Monday, September 24, 2007

Differences

“let us not be weary in well doing: for in due season we shall reap, if we faint not.” –Gal. 6:9

Part of my job that I really enjoy is getting to watch the infinite variety of children in our school. As people, we have much in common: our humanity, our homo sapien-ness, our biological make-up that makes medical books possible. But leaving that behind, we are as different as snowflakes. Even within the same family, it does not take long before parents begin questioning the origins of their offspring. “How could this child have sprung from our loins?”

I see ‘bouncy tiggers’ that were born into sedate homes. Intellectual types give birth to athletes. A musician emerges from a non-musical family. I marveled the other day at the flexibility of a youngster who could not sit in a chair without sitting on one foot or the other or both. It was as natural and compulsive as could be for this bright student while everyone else sat in comfortable conformity. To force either the one or the group at large to exchange their posture for the other would be excruciating torture.

I watched a young boy work a math sheet the other day and his rate of speed was exceedingly slow. It made an expediter like myself want to grab the pencil from him and race across the page. The teacher assured me that he was bright and fully able to handle all his math facts. But he was never one to be in a hurry. That can be so frustrating to parents who like to move quickly, racing from one job to the next.

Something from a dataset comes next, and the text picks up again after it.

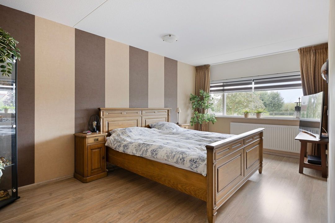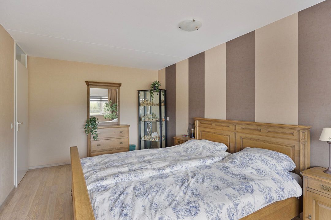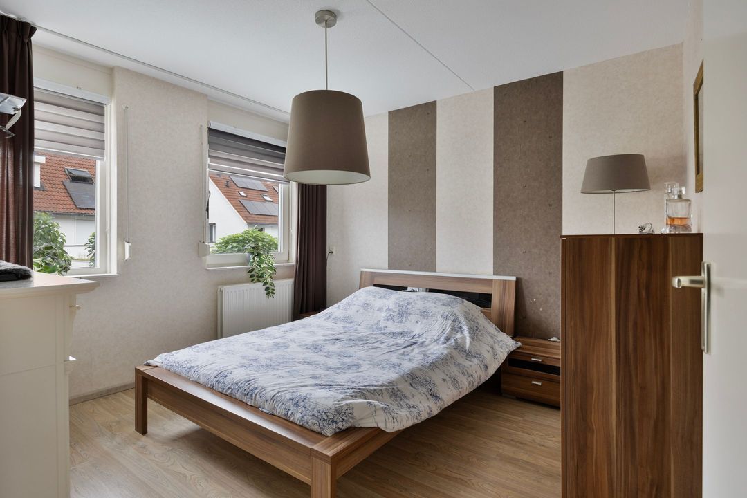 Slaapkamer één is gelegen aan de voorzijde van de woning en heeft een prachtig uitzicht op het voorgelegen plantsoen. Slaapkamer twee is eveneens aan de voorzijde van de woning gesitueerd en momenteel ingericht als inloop kleedkamer. De derde slaapkamer is op de achtertuin gesitueerd en is wederom royaal van afmeting. De gehele eerste etage is belegd met een zeer nette laminaatvloer en alle slaapvertrekken inclusief de badkamer zijn voorzien van rolluiken.

One parent has commented repeatedly how one of their two children will quickly report any infraction of the rules he may have committed while the other one is impetuously breaking the rules and quite willing to cover it up. The one is a dedicated, task-oriented, first-born people pleaser. The other is a free spirit that soars quite often into places it should not go, fearless of the consequences.

The moral is that we cannot be held responsible for the children we bring into the world in any sense of personality, ability, temperament, or handicap. They are who they are. Some will write with perfect script from day one and others will fight legibility issues all their lives. Some will never be able to dribble a basketball and others exhibit the skill with no coaching whatsoever. The variety and genetic surprises are never-ending.

While we cannot control who they are from birth, we can shape their character. In fact, that is one thing which often characterizes a whole family. Your kids may all exhibit different giftedness, but I am always impressed by the character that children mimic in the same home. That kind of talk always makes parents nervous for they well know that their children are fully capable of embarrassing the family name at any one point in time. I have stories to tell as well as anyone. But to know your families over time, to be with your children day after day, to see them struggle and triumph in little different ways, I am pleased to say, is to see Godly homes and young lives being carefully built, line upon line, stone upon stone.

I grieve when I see beautiful and gifted children crash and burn as young adults for lack of Godly character. And I marvel at seeing children who are average in every way go on to build solid and productive lives because of the Christ-like character formed within them. The secret is not in the cards we are dealt but how we play them. Trite truth? Perhaps, but it is also a fountain of hope for all because the race is not to the swift, or the beautiful, or the rich and famous. Keep up the good work.